Ditto () is a 2022 South Korean film written and directed by Seo Eun-young, starring Yeo Jin-goo, Cho Yi-hyun, Kim Hye-yoon, and Na In-woo. Remake of  the 2000 film of the same name, it depicts story of love and friendship that takes place when a man and woman living in different time periods, communicate through a ham radio by chance. It was released theatrically on November 16, 2022.

Synopsis 
Kim Yong is a college junior living in the year 1999, and Mo-nee living in the year 2022 is a sophomore of the same university. The two happen to get their hands on an old ham radio.

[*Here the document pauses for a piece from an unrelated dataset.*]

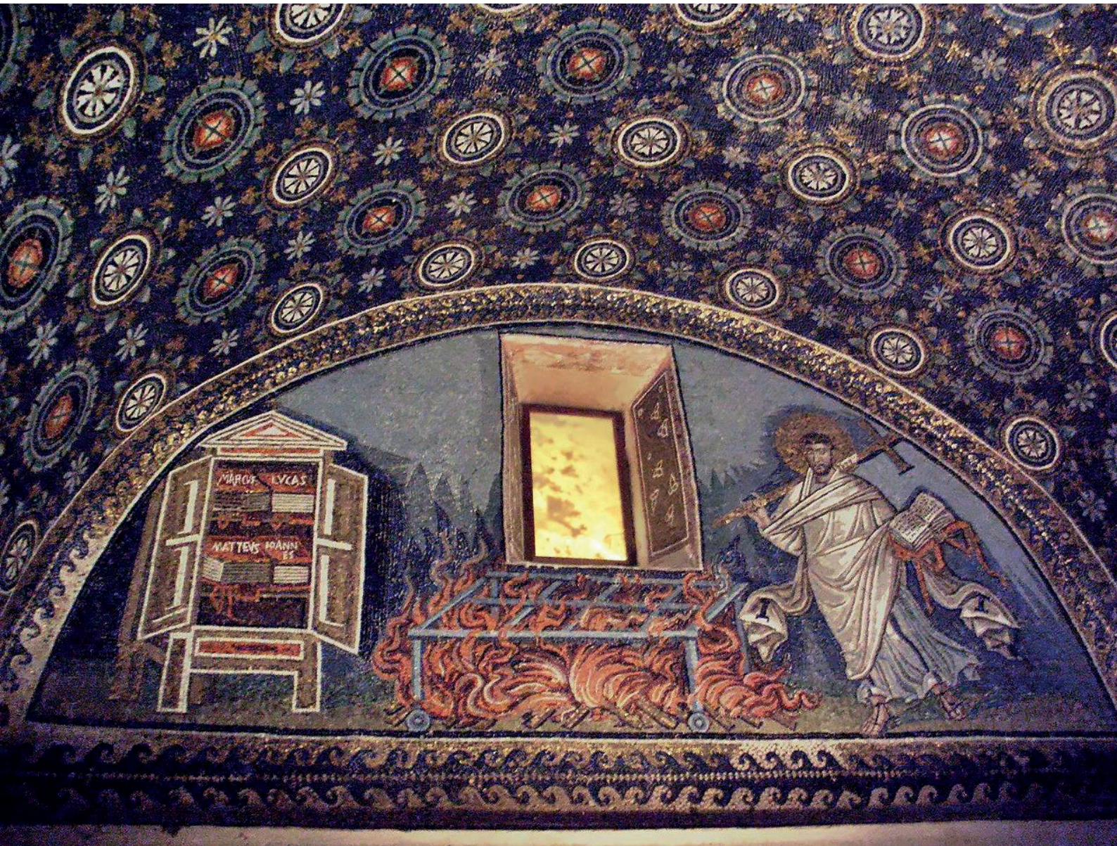
FIGURA 7. IMAGEM DO MOSAICO QUE REVESTE PARTE DO MAUSOLÉU DE GALLA PLACIDIA (RAVENNA)

for, este é o espaço onde o investimento nos índices de conforto é mais elevado, indicando que era um compartimento particularmente relevante e apreciado.

During the total lunar eclipse in 1999 and 2022, the pair is magically able to communicate with one another across time through the radio and begin to talk about each other’s love and friendship.

Cast

From 1999
 Yeo Jin-goo as Kim Yong, a mechanical engineering student of class of 1995
 Kim Hye-yoon as Seo Han-sol, Yong's first love
 Bae In-hyuk as Kim Eun-seong, Yong's friend
 Nam Min-woo as Park Nam-hae, Yong's best friend
 Roh Jae-won as Joo Geun-tae, a mechanical graduate student and friend of Yong
 Shin Joo-hyeop as Park Man-soo, Yong's college classmate

From 2022
 Cho Yi-hyun as Kim Mu-nee, a sociology student of class of 2021
 Na In-woo as Oh Young-ji, Mu-nee's friend
 Lim Yu-bin as Lee Seon-ju, Mu-nee's best friend
 Kim Bo-yoon as Yeo-reum, Mu-nee's friend

Special appearance
 Park Ha-sun as a sociology professor at university

Production 
The first script reading of the cast was held on May 15, 2022 and filming began at end of May.  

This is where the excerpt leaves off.